Galvanizzati da questa catena di successi e per sfruttare al massimo questo nuovo picco di popolarità, alcuni facinorosi produttori realizzano in fretta e furia con un budget probabilmente molto basso e con mezzi e scenografie di fortuna un nuovo lungometraggio interpretato dalla celebre coppia sulla scia dei musicarelli di fine anni ’60.

Al Bano, da buon contadino, si rimboccò le maniche e chiamò alla regia il fido Aldo Grimaldi, già dietro la cinepresa delle precedenti commedie musicali della coppia anglo-salentina, presentandogli la storia scritta di suo pugno. Sì, avete capito bene, il nostro Albano Carrisi è l’unico autore della sceneggiatura di questo Champagne in Paradiso. Le riprese vennero sospese più volte e fu possibile completarlo solo per insistenza di Al Bano stesso, il quale teneva moltissimo a portare sul grande schermo la nascita della sua storia d’amore, tanto da assumere persino la regia per una breve sequenza inserita in un secondo momento.

La pellicola però non ebbe il successo sperato e non è difficile immaginarlo visto che il film nacque già vecchio; si trattava sostanzialmente di un musicarello degli anni ’60 trasposto negli anni ’80. Forse nessuno aveva detto ad Al Bano che quella roba era passata di moda da un bel pezzo e andava bene forse per riempire  la programmazione estiva delle televisioni locali.

Il prologo è già oro: il film inizia in un futuro imprecisato in cui vediamo tre bambini (tra cui troviamo i figli della coppia Yari e Ylenia) avvicinarsi ai nonni chiedendo, come da tradizione, del loro primo incontro. Mentre godiamo di questi primi minuti possiamo assaporare l’ambientazione della loro casa semi-futuristica con tanto di pianeti e galassie visibili fuori dalla finestra (!) mentre i due nonni (un assurdo Al Bano truccato con una fintissima barbona bianca e un’altrettanto farlocca Romina imparruccata) vengono colti da un improvviso attacco di nostalgia. Iniziano così a raccontare del loro passato in cui l’Italia era prospera e felice, e l’amore sembrava ancora valere qualcosa. Beffardamente ironico tutto ciò ripensando a come proseguirono gli eventi per la coppia.

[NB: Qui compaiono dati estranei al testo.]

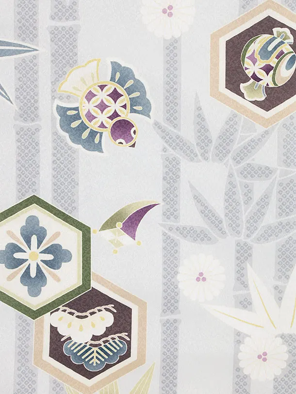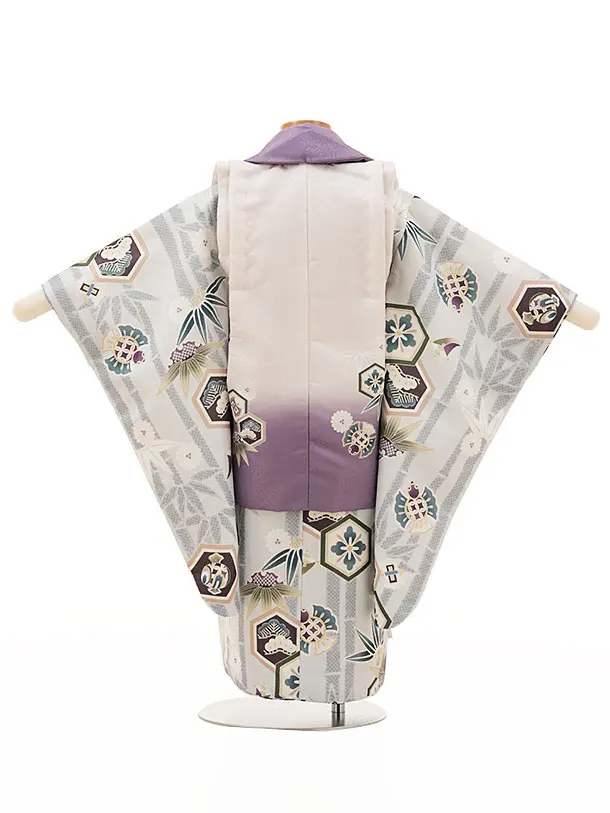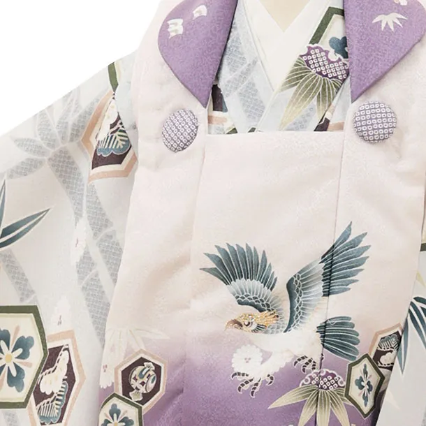 七五三(3歳男児被布)W155淡パープルぼかし鷹×グレー竹亀甲紋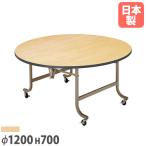 法人送料無料 フライトテーブル 丸型 直径1200mm ソフトエッジ巻 キャスター脚 レセプションテーブル 会議用テーブル 会議室 結婚式 完成品 日本製 LL-1200R
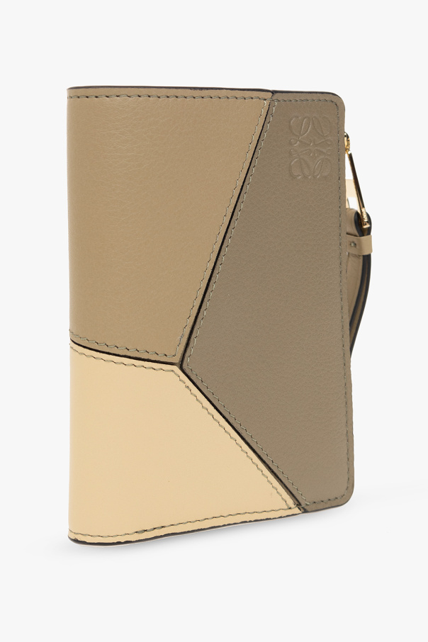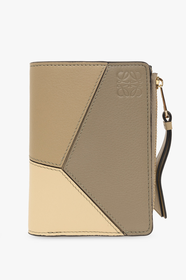 Green, grey and cream wallet from Loewe. Made of leather, this design fastens with a snap and showcases an embossed logo pattern, gold-tone metal hardware and six card slots, two slip pockets and a zipped coin gusset inside.

Inizia così un flashback ambientato negli anni ’60 in cui Al Bano veste i pani del professor Allegri, attempato ma squattrinato professore che si trova a gestire una terribile classe di un liceo femminile in cui Paola, una giovanissima studentessa viziata e spocchiosa interpretata da Romina (cosa di per sé già ardua da ritenere verosimile dato che la Power aveva già più di trent’anni), gli combina scherzi d’ogni tipo. Il professore verrà così licenziato e Paola sarà costretta a recuperare le materie dopo le vacanze estive; i due quindi si reincontrano casualmente per delle ripetizioni private che faranno nascere la passione tra il maturo professore e la studentessa minorenne; i due riusciranno a coronare il loro sogno d’amore solo dopo una lunga serie di vicissitudini anche grazie alla musica.

Parlare di Champagne in Paradiso è davvero arduo, poiché per certi versi sembra davvero incredibile, inteso in senso letterale, che così tante persone abbiano lavorato per la realizzazione di un film del genere e che qualcuno abbia creduto di poterci fare dei soldi producendolo. Come non citare i vari caratteristi che misteriosamente vi si sono prestati: Renzo Montagnani, Gigi Reder, Anna Mazzamauro (quest’ultima in un ruolo a dir poco terribile ma per fortuna abbastanza marginale) e l’insopportabile Gegia, qui più irritante che mai.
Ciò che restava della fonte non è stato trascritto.